▸ Activity: The following data needs to be repeated exactly, with all images excluded.

▸ Dataset content:
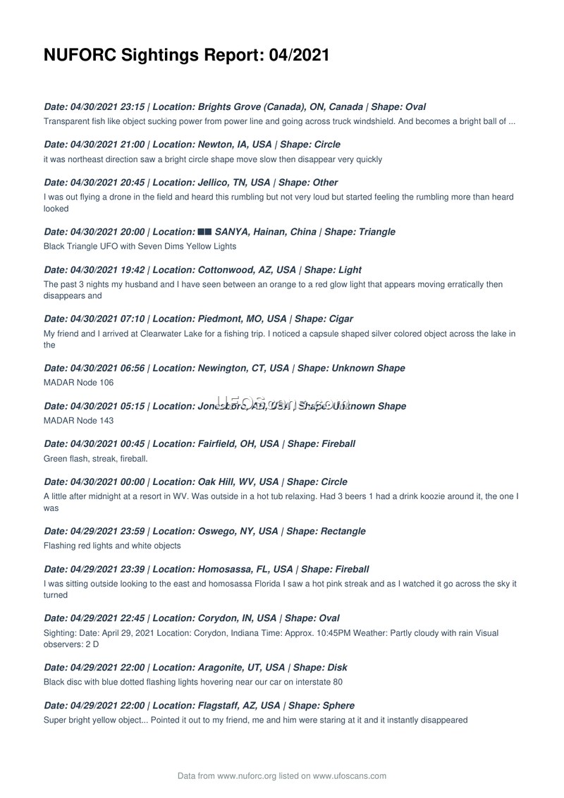 NUFORC Sightings Report: 04/2021
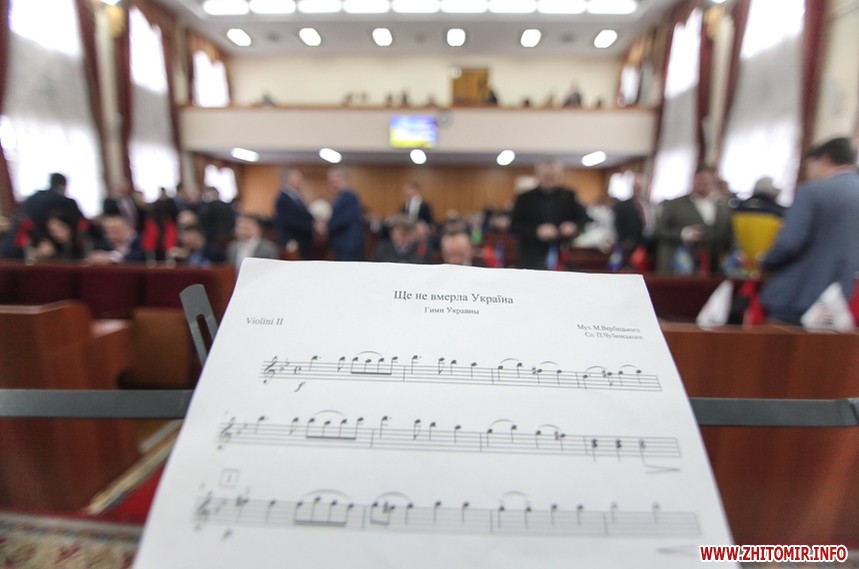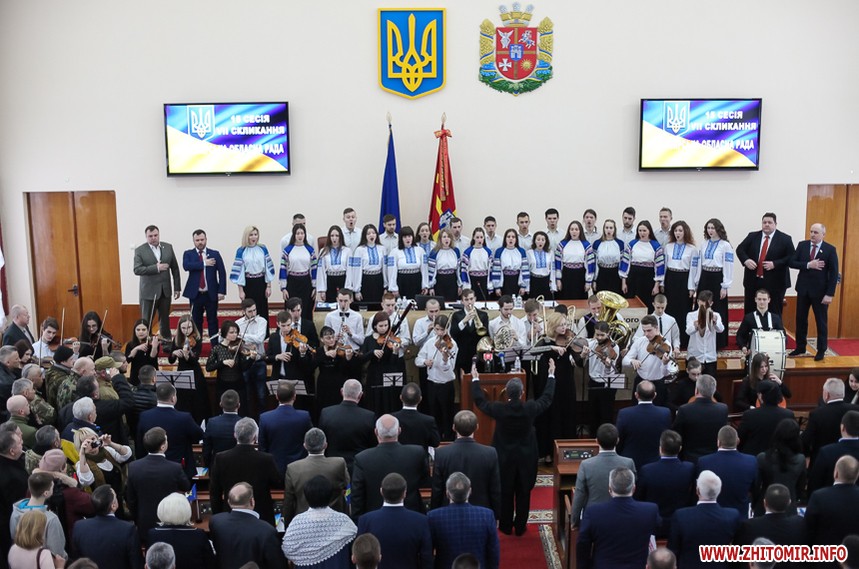 Перша у 2018 році сесія Житомирської облради 7 березня розпочалася зі флешмобу до дня народження Тараса Шевченка: цього разу гімн України виконали студенти Житомирського музичного училища ім. В.С. Косенко під супровід оркестру.
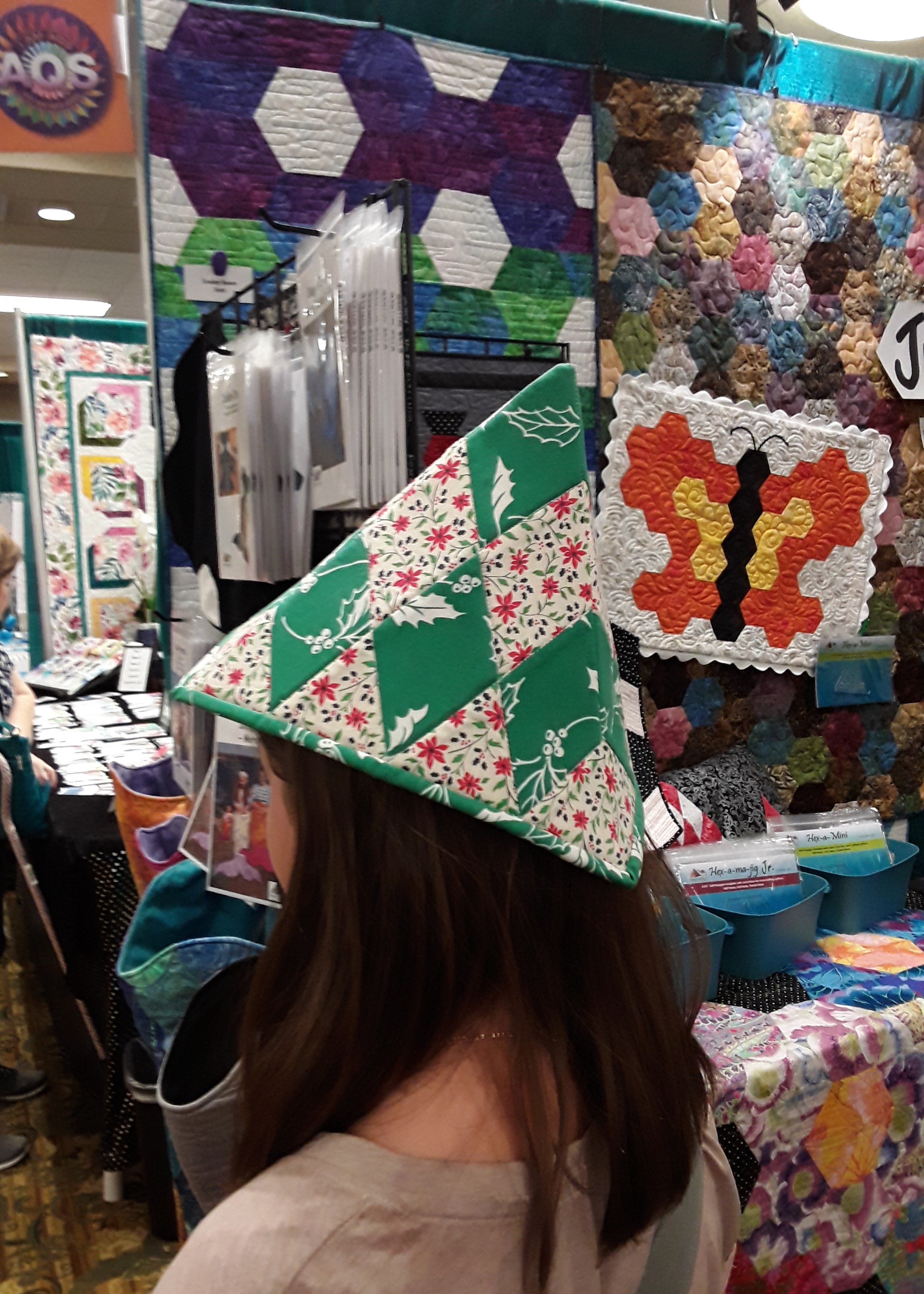 Carol and I set up the booth, I taught classes and we shared quilting stories with many of you. We looked for laughs and had a wonderful moment when a young quilter wore my Winter TreeLand became a hat!
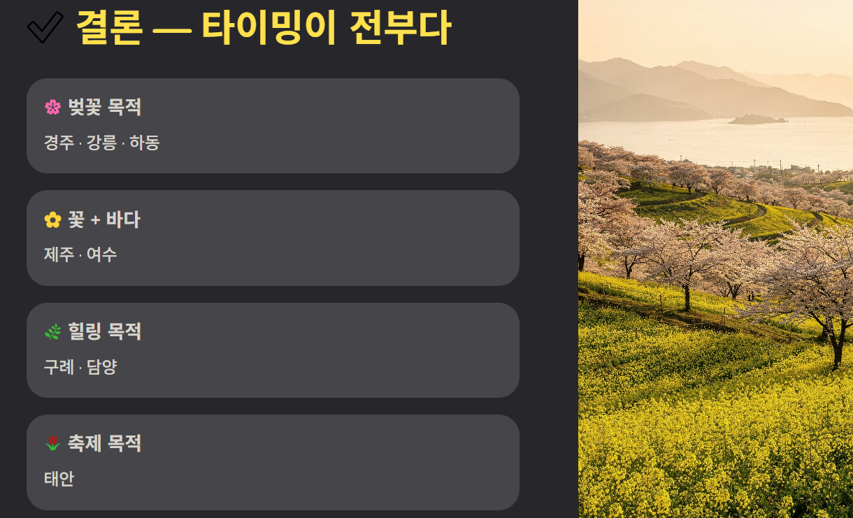 4월 국내 여행지는 선택이 아니라 전략이다. 벚꽃을 볼지, 유채꽃을 볼지, 바다를 갈지에 따라 여행 만족도가 완전히 달라진다.
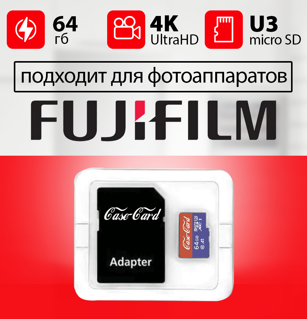 Карта памяти для фотоаппарата Fujifilm / флешка подходит для Фуджифильм 64 гб Case Card 10 U3 V30 Ultra HD информация:
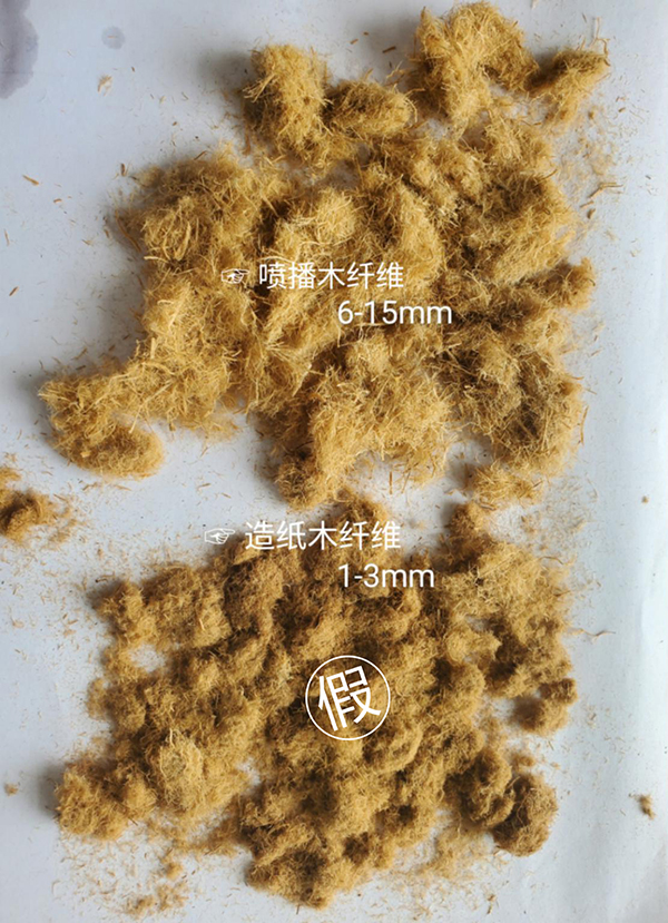注意事項(xiàng):紙漿木纖維,外形看起來和噴播木纖維特別相似,吸水性很好,無吸附力,許多不良經(jīng)銷商喜歡以此冒充噴播木纖維來欺騙施工單位,導(dǎo)致許多工程失敗。
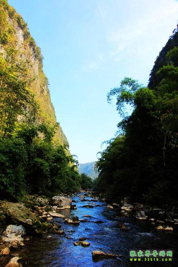 皮渡河沿岸修竹蒼翠,形成翠綠色的長廊,河水清澈透亮,象一條綠色鍛子串起無數(shù)明珠。峽谷中水與山親吻,形成靈動的水韻與雄渾的山巒,構(gòu)成一幅山水長卷

▸ Response:
 NUFORC Sightings Report: 04/2021
 Перша у 2018 році сесія Житомирської облради 7 березня розпочалася зі флешмобу до дня народження Тараса Шевченка: цього разу гімн України виконали студенти Житомирського музичного училища ім. В.С. Косенко під супровід оркестру.
 Carol and I set up the booth, I taught classes and we shared quilting stories with many of you. We looked for laughs and had a wonderful moment when a young quilter wore my Winter TreeLand became a hat!
 4월 국내 여행지는 선택이 아니라 전략이다. 벚꽃을 볼지, 유채꽃을 볼지, 바다를 갈지에 따라 여행 만족도가 완전히 달라진다.
 Карта памяти для фотоаппарата Fujifilm / флешка подходит для Фуджифильм 64 гб Case Card 10 U3 V30 Ultra HD информация:
注意事項(xiàng):紙漿木纖維,外形看起來和噴播木纖維特別相似,吸水性很好,無吸附力,許多不良經(jīng)銷商喜歡以此冒充噴播木纖維來欺騙施工單位,導(dǎo)致許多工程失敗。
 皮渡河沿岸修竹蒼翠,形成翠綠色的長廊,河水清澈透亮,象一條綠色鍛子串起無數(shù)明珠。峽谷中水與山親吻,形成靈動的水韻與雄渾的山巒,構(gòu)成一幅山水長卷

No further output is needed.